Yes, this is going to be about Carlos Quentin again.

Sorry for the overkill, but I'm fixated on the White Sox' left fielder, who is having the best season of any Chicago baseball player.

I wrote about Quentin a couple of months ago. I wrote about him last week. I wrote about him for today. Who knows, I might write about him for Wednesday.

Heck, I might write about Carlos Quentin as often as if he were on the Cubs.

Seriously, how much more attention would Quentin get if he played on the North Side?

"He'd be more famous," Sox manager Ozzie Guillen said Monday night before Quentin hit another home run in the Sox' 13-5 victory over the Mariners.

The Sox' complaint always is that they don't get noticed as much as the Cubs do.

Quentin has become a good example. For an AL Most Valuable Player candidate, he remains relatively obscure.

The Sox' fine whine normally must be digested with a sigh and slice of imported cheese. They're correct, but it is what is and not about to change.

Cubs players will attract more media attention even in their bad years. In their good years, like this one, their popularity will be off the charts.

If Quentin played for the Cubs, heck, he would be at least as much of a phenom after five months in Chicago as Kosuke Fukudome was after 5 at-bats.

As a Cub leading his league in home runs, Quentin would be on magazine covers, getting marriage proposals and eating free on restaurant row.

With the Sox, he's a local and national man of mystery.

If Quentin played for the Cubs he already would have had a parade through Wrigleyville, a bridge named for him and a candy-bar endorsement.

With the Sox, he's still just another guy walking down Michigan Avenue.

If Quentin played for the Cubs his name already would be on baseball's Hall of Fame ballot, he would have won a Nobel Prize for hitting, and his story would have inspired a dozen Pulitzer Prize-winning biographies.

With the Sox, he remains a celebrity waiting to happen.

"There are a lot of things more important in the world than attention," Quentin said Monday during an uncharacteristic pregame chat with the media.

Carlos Quentin only now is beginning to receive a fraction of the attention he deserves.
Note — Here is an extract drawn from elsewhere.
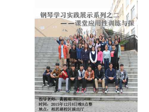 【音乐会预告】黄筱明教师员工音乐会 来源:bv伟德国际1946官网 作者: 发布时间:2015-12-08 18:09:01 浏览次数: 次 【字体:小 大】 黄筱明教师员工音乐会 钢琴学习实践展示系列之二——课堂应用性训练与探索 时间:2015年12月8日晚8:00点 地点:相思湖综合实验楼演出厅 指导老师:黄筱明副教授 欢迎大家的光临! 分享到: 【打印正文】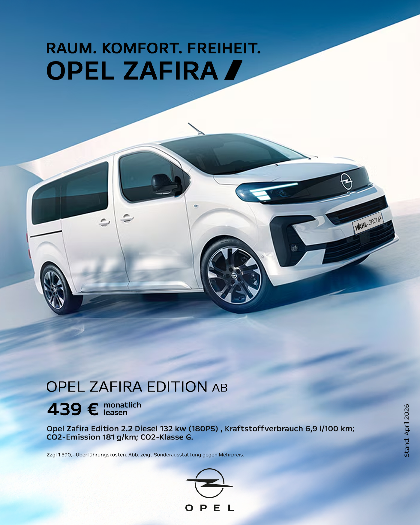 Ein Kilometerleasingangebot für Privatkunden (Bonität vorausgesetzt) der Stellantis Bank SA Niederlassung Deutschland, Siemensstraße 10, 63263 Neu-Isenburg. Opel Zafira Edition Diesel 132kW (180 PS):, Anschaffungspreis 39.950,00 €, zzgl. 1.590,00 € (separate Berechnung) Transportkosten, 0 € Sonderzahlung, 439,00 € mtl. Leasingrate, 48 Leasingraten, 10.000 km Laufleistung pro Jahr, 21.072,00 € Gesamtbetrag aller Raten & Sonderzahlungen zzgl. 1.590,00 € (separate Berechnung) Transportkosten. Bonität vorausgesetzt. Das Leasingangebot gilt nur für Privatkunden. Angebot gilt bis zum 30.06.2026. Weitere Informationen zum Fahrzeug und zu Kauf, Leasing und Finanzierung erhalten Sie bei uns.

How much does he deserve? As much as befits a player with 35 homers and 96 runs batted in on a major-market first-place team.

Quentin brought on some of the anonymity by avoiding publicity the way he avoids slumps.

Maybe the world finally is catching on to Quentin. Sunday, ESPN did a phone interview with him - something generally reserved for Cubs reserve catchers who hit .247 - and Monday he heard chants of "M-V-P!"

"I've prepared myself for what I'm going to experience," Quentin said of the attention.

If he were on the North Side, the experience might be punctuated by a prime-time talk show - if Quentin ever wanted to share his inner self.

On the South Side, it is punctuated by a quiet MVP-type season.

Anyway, please excuse me now while I start work on my next Carlos Quentin column.